A question on the usage of prefect and dask. Say ...
# ask-community
t
A question on the usage of prefect and dask. Say I rely on an external package that is capable of some heavy computation, and that package uses strictly dask. It has an entry point like:
Copy code
def predict_with_dask(..., dask_client):
    results = dask_client.compute([big_func(a) for a in range(200)]
    more_results = dasl_client.compute([bigger_func(f) for r in results]
Now lets say I have a prefect task/flow like
Copy code
@task
def my_task():
    with get_dask_client() as client:
    return crystalball_predict(
            ms=ms,
            dask_client=client,
        )

@flow
def my_flow():
    biggest = [my_task.submit(blah) for blah in range(200)]
I am running my flow with a dask.distributed cluster that is deployed on a large HPC of +500 nodes. What is the expected scaling here? Does a single
.compute()
from any one of the
my_task
functions cause all other prefect tasks to block? Does this set up allow parallel
.computes()
to run, or should there be some other way of invoking the parallelism of the many task delayed objects in the
predict_with_dask
delayed workerflow?.
b
In your Prefect code, we will use the
ThreadPoolTaskRunner
by default when you call
.submit
. This fires up a local thread pool inside the Prefect runner for that flow. So each task will get executed inside a ThreadPool with max threads specified by your settings (or
sys.maxsize
by default which basically lets us go as fast as the single worker will go).

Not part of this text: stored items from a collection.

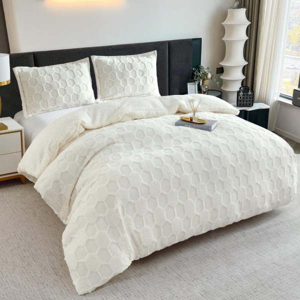 Pilota Groasă Cocolino Gofrat 3D Model în Relief cu Fagure și Dos din Blăniță Sherpa, Umplutură Vatelină Siliconică, 200x230 cm + 2 Fețe de Pernă 50x70 cm - Căldură și Rafinament pentru Un Somn Odihnitor, Ivoire, cod produs: BCC-PC404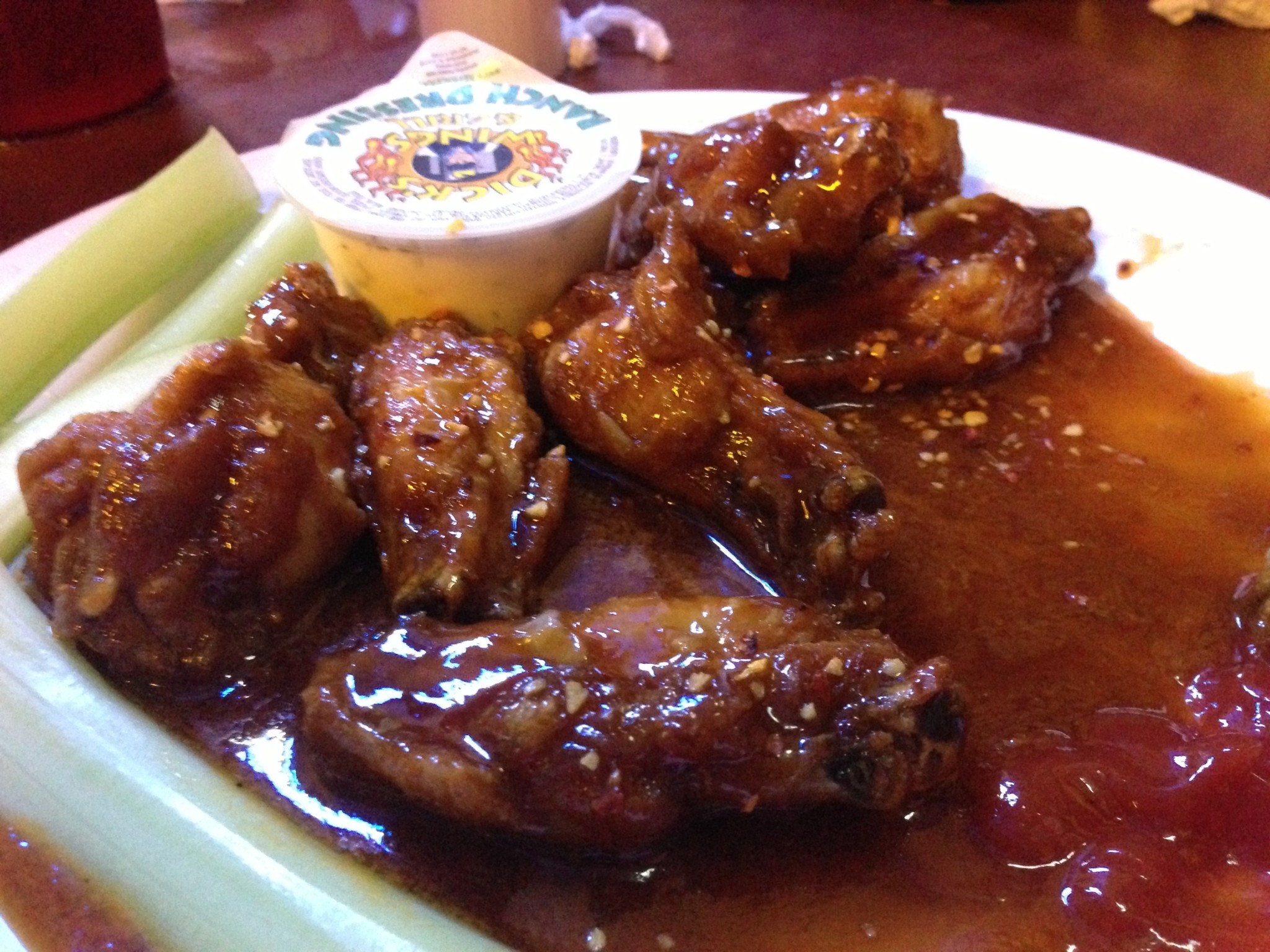Food: We led off with the fried pickles ($4.99). Dick’s fried pickles are cut thinly into pickle chips. They are crispy and delicious with just the right amount of breading. Dick’s are my favorite fried pickles in Jax so far. We tried two types of wings. First we started with something basic. Medium buffalo wings. These were decent with good flavor and a bit of a peppery kick. I’m not normally a huge fan of peppery flavor but I enjoyed these. The 2nd style of wings we tried were Georgia girl flavor-“Our own special blend of Bourbon, Teriyaki, and Garlic pepper”. These tasted a lot like Bourbon chicken you’d get from The Big Easy Cajun restaurant at the malls but with a bit of peppery kick. They were good but the sauce was a bit stickier and heavier than a standard buffalo wing sauce. The sauce a lot of people love at Dick’s is the Cajun ranch. It has a rich blend of Cajun flavoring and ranch and is very heavy. People absolutely love it. It’s too heavy for me. Then again I’m a bit of a purist when it comes to wings and most sauces just take away from the experience for me. The wings come with waffle fries or potato wedges. Both are good options. We went with the waffle fries. They were crispy salted enough but not too much and cooked correctly. As far as how their mild medium and hot wings run: I would go with mild if you want no spice at all. Medium if you want some kick but not super spicy. Hot if you want pretty spicy to burn your mouth a bit. For those of you who like to set your mouth on fire you can venture into Great balls of fire or Swamp fever. !0 wings will run you $10.99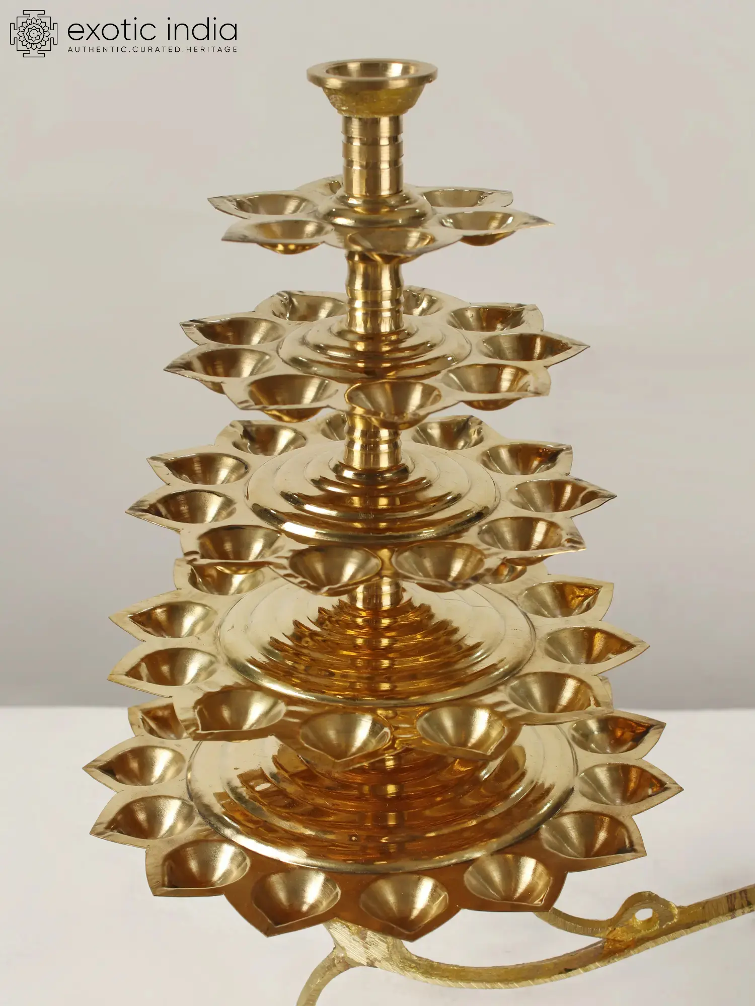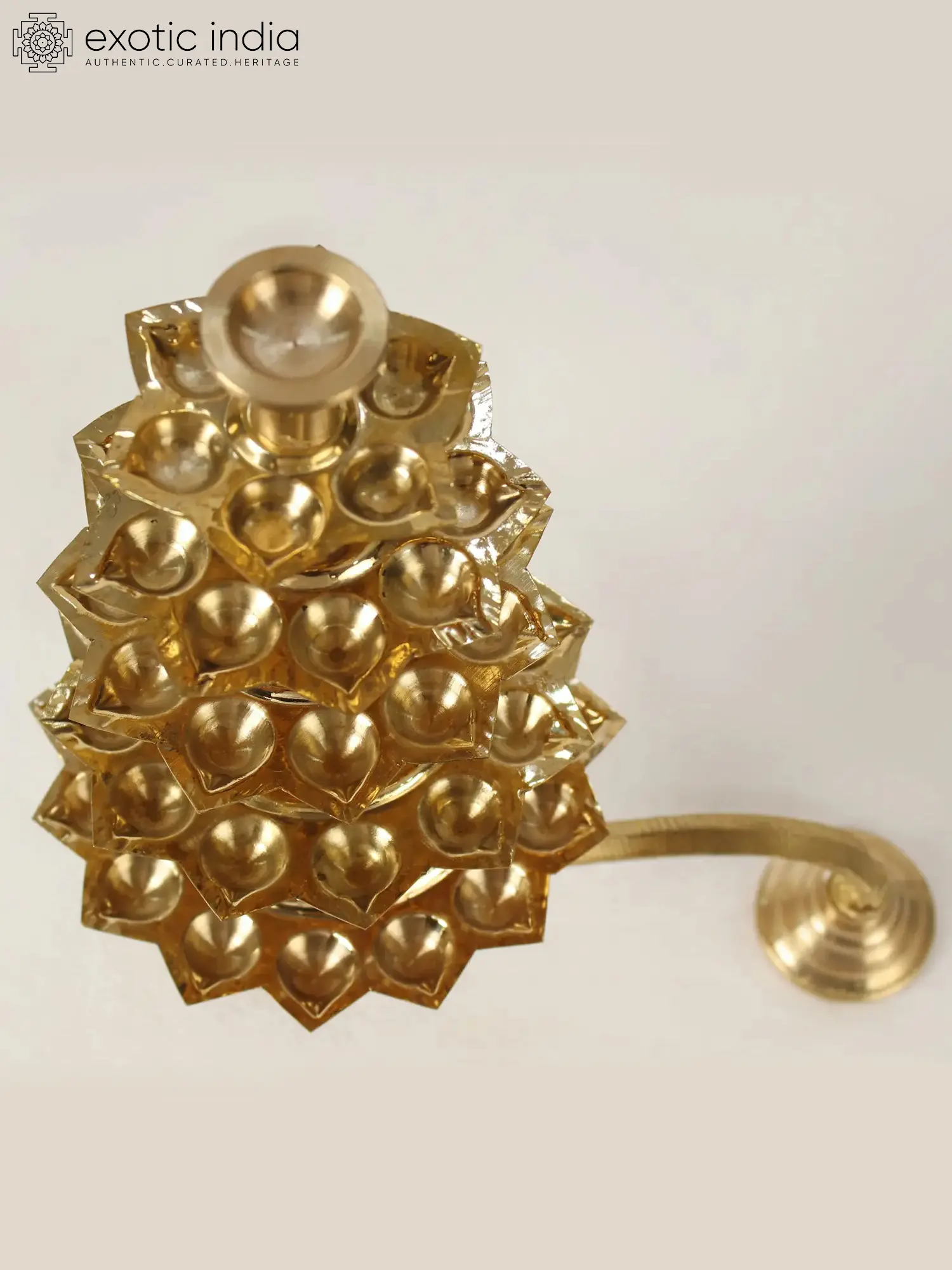 Offering reverence to the fire god and also offering fire as reverence to other deities is a tradition in India. This hand-held brass multi-wick Aarti lamp is painstakingly built and manufactured to deliver a huge quantity of warmth to the deities via the various wicks. The Diya is made of brass, a valuable metal that lends gravitas to the event. This Arti light is frequently seen in use at Haridwar's spectacular Ganga Arti. Because of the combination of a brass container and a strong grasp, the devotee may offer devotion pleasantly. Including this item in daily worship and rituals will guarantee that the respect process proceeds well.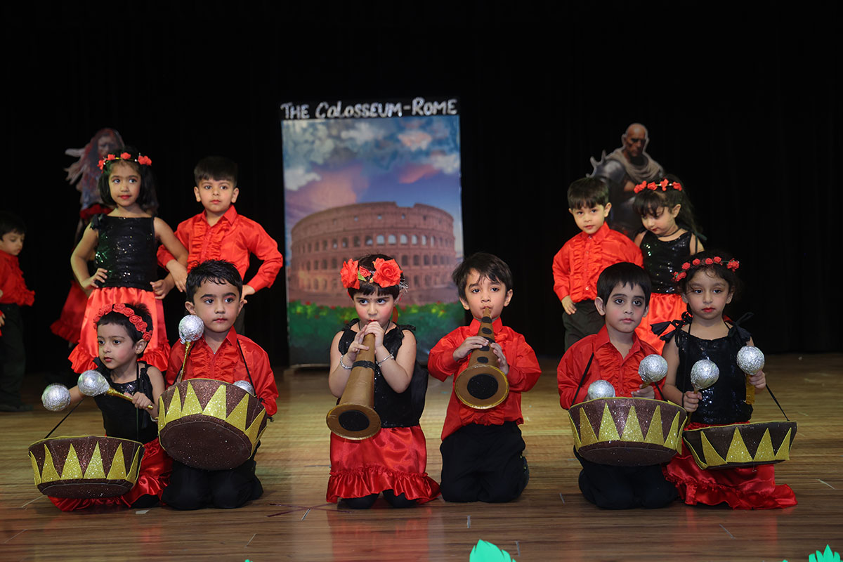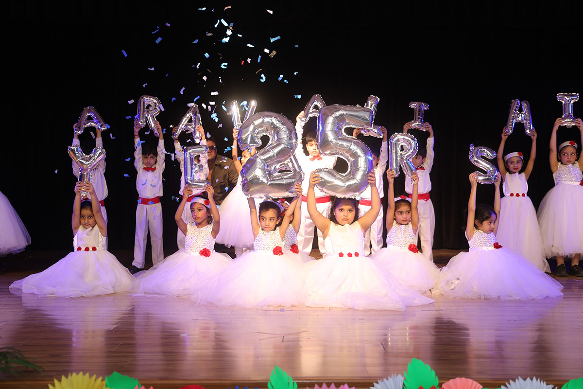 Annual Day is organized each year by different wings of the school where students showcase their artistic talent to the parents. These are theme based mega-events that weave together a string of performances based on some well thought aspects of life, depicted through plays, songs, dances etc leading to a roaring culmination. The Annual Day also presents important messages which probe our students to ponder and reflect enhancing their personality and skills. Students look forward to the annual day and cherish the entire journey from selections to practices, dress rehearsals to the final event, accumulating loads of fond memories on the way.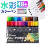 Ohuhu 水彩毛筆48色 水ペン2本 水彩ペン 筆ペン カラー セット 水彩筆 水性 水彩画 レタリング 透明 学習教材 画材 収納ケース付き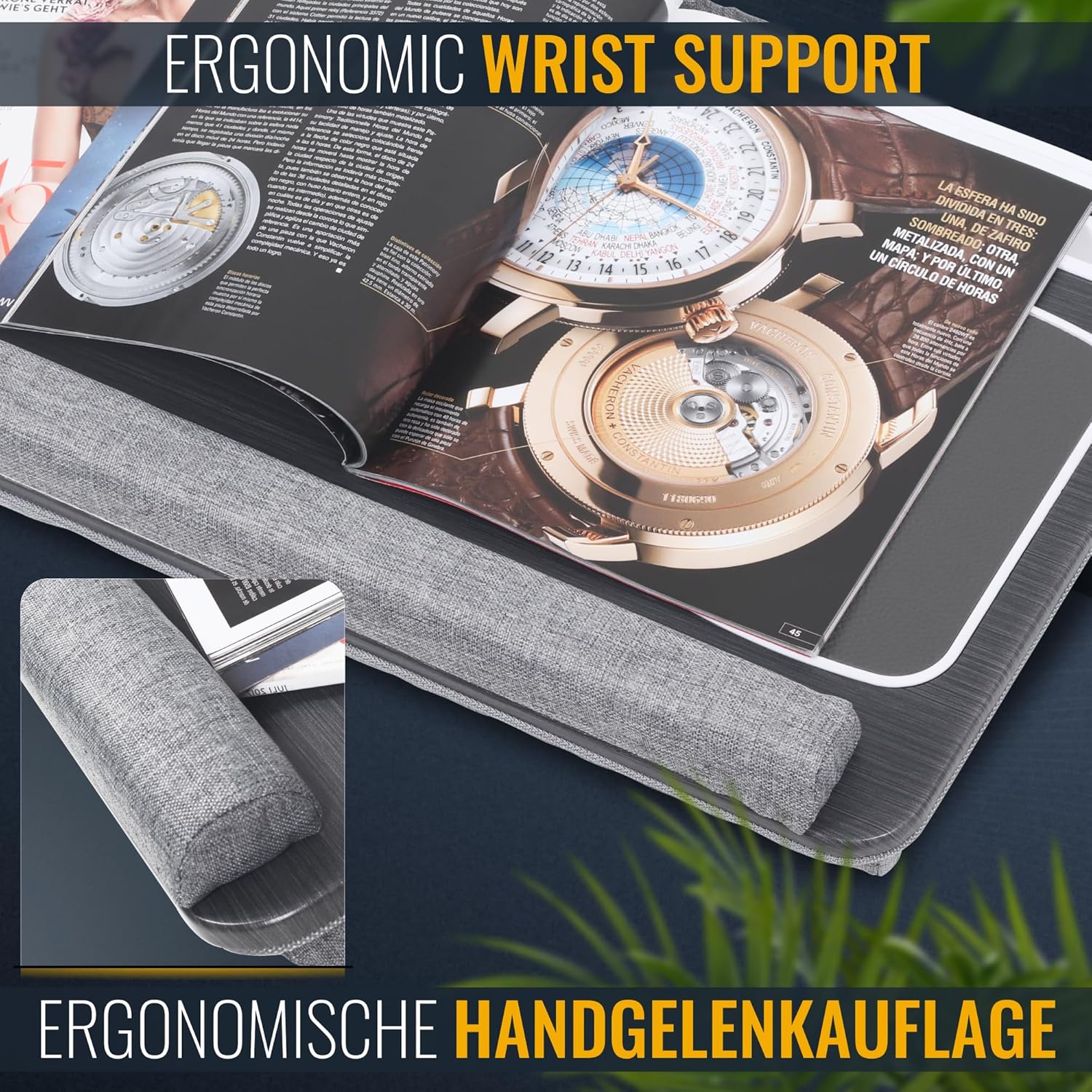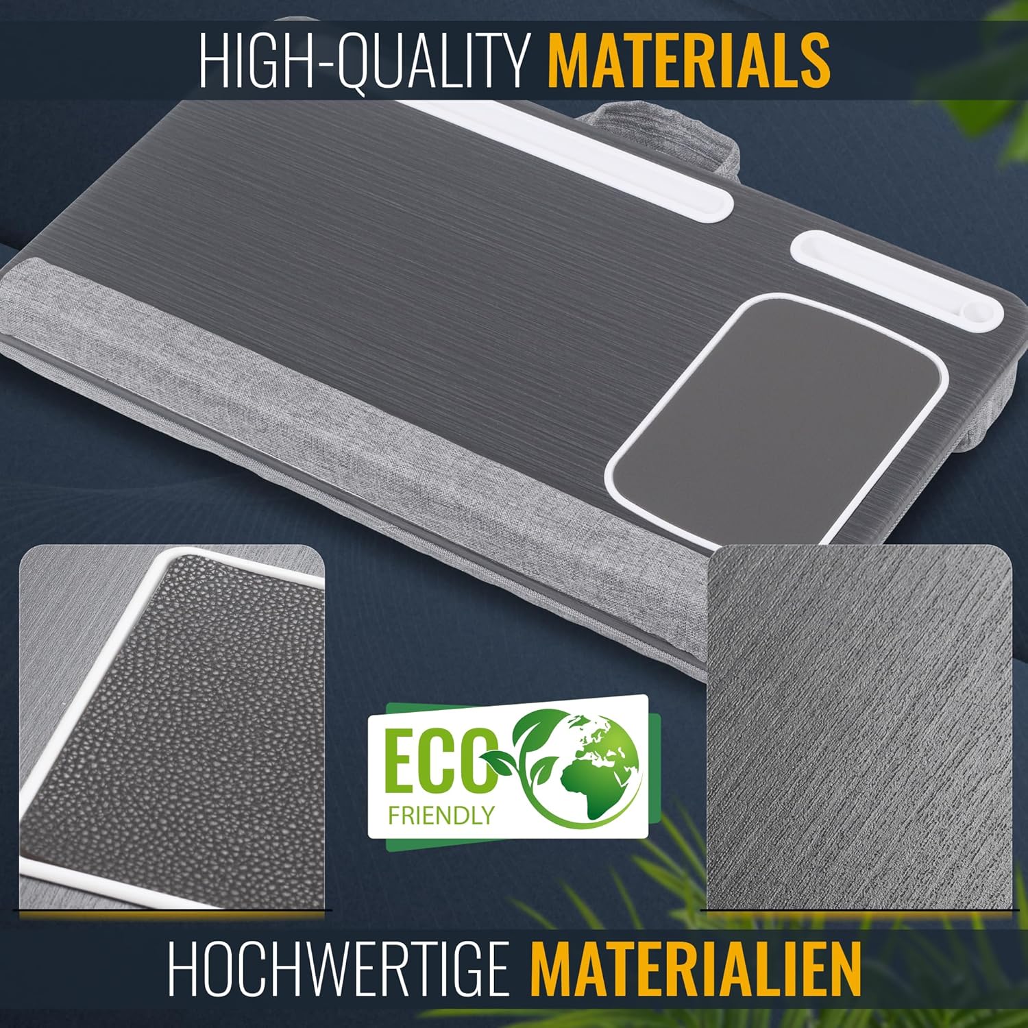 • ERGONOMISCH: Das Polster auf der Platte dient als Handgelenkstütze. Mit dem weichen Kissen an der Unterseite können Sie die Laptop Erhöhung auch über einen längeren Zeitraum auf Ihrem Schoss platzieren.

In your code, we'd dispatch all of the tasks to Dask immediately because we don't need to wait. Blocking only happens when we
wait
or
gather
results. I'd recommend switching up your Prefect code slightly to use the
DaskTaskRunner
instead of calling the
get_dask_client
inside each task. This will spawn a new instance of the client per task which is somewhat wasteful. Here's a sample of what I think you could run:
Copy code
from prefect_dask.task_runners import DaskTaskRunner
from dask.distributed import worker_client

@task
def crystalball_predict(ms):
    with worker_client() as dask_client:
        results = dask_client.compute([big_func(a) for a in range(200)])
        more_results = dask_client.compute([bigger_func(f) for r in results])

        return dask_client.gather(more_results)

@flow(task_runner=DaskTaskRunner())
def my_flow():
    biggest = [crystalball_predict.submit(blah) for blah in range(200)]
    wait(biggest)
Some docs that might be useful: • https://docs.prefect.io/v3/how-to-guides/workflows/run-work-concurrentlyhttps://distributed.dask.org/en/latest/api.html#distributed.get_worker
t
Thanks for the detailed reply Brendon. So, my initial code example was both poorly formatted and incomplete. I am currently using a
DaskTaskRunner
using a
dask_jobqueue.SLURMCluster
as Cluster implementation. So as far as that goes I think I am ok for the moment and my example is closer to your example then I first wrote, the only thing I had missing was the
client.gather
call - I mean this in both my example as well as the external package. I think I understand everything so far in your reply. I think my question boils down further to how many
Client.compute()
and/or
Client.gather()
can be executing at. time in a single distributed dask cluster instance? Should parallel
my_tasks
be running via a
.submit()
would the
Client.compute()
that they each hit allow all to run at once, or does it go in a FIFO like manner?
b
If you using
task_runner=DaskTaskRunner()
and calling
.submit
inside that method we will go as fast as Dask allows for parallelism 🙂 Your `.compute`/`.gather` calls shouldn't block the main flow loop assuming they get dispatched to Dask.
t
On the prefect
.submit
side of things indeed I think the submission of each task goes as fast as it van. I am currenlty on prefect 2 and need to moved to prefect 3. I believe the engine there would be even faster. The behaviour I am seeing is confusing. I created a separate prefect task that constructs a single dask DAG across all inputs, and I modified the enternal package to return the delayed objects rather than it calling the
Client.compute
itself. Once I collect all these delayed objects myself and calling the
Client.compute()
once across all objects I saw about a 2x speed up. The allocated workers were all running much closer to 100% cpu. If felt like that the dask
Client
I am using (retrieved within each prefect task via a
get_dask_client
call) only allows a single
,compute
to be running at a time. There is some interplay with this external package as well that I am trying to separate.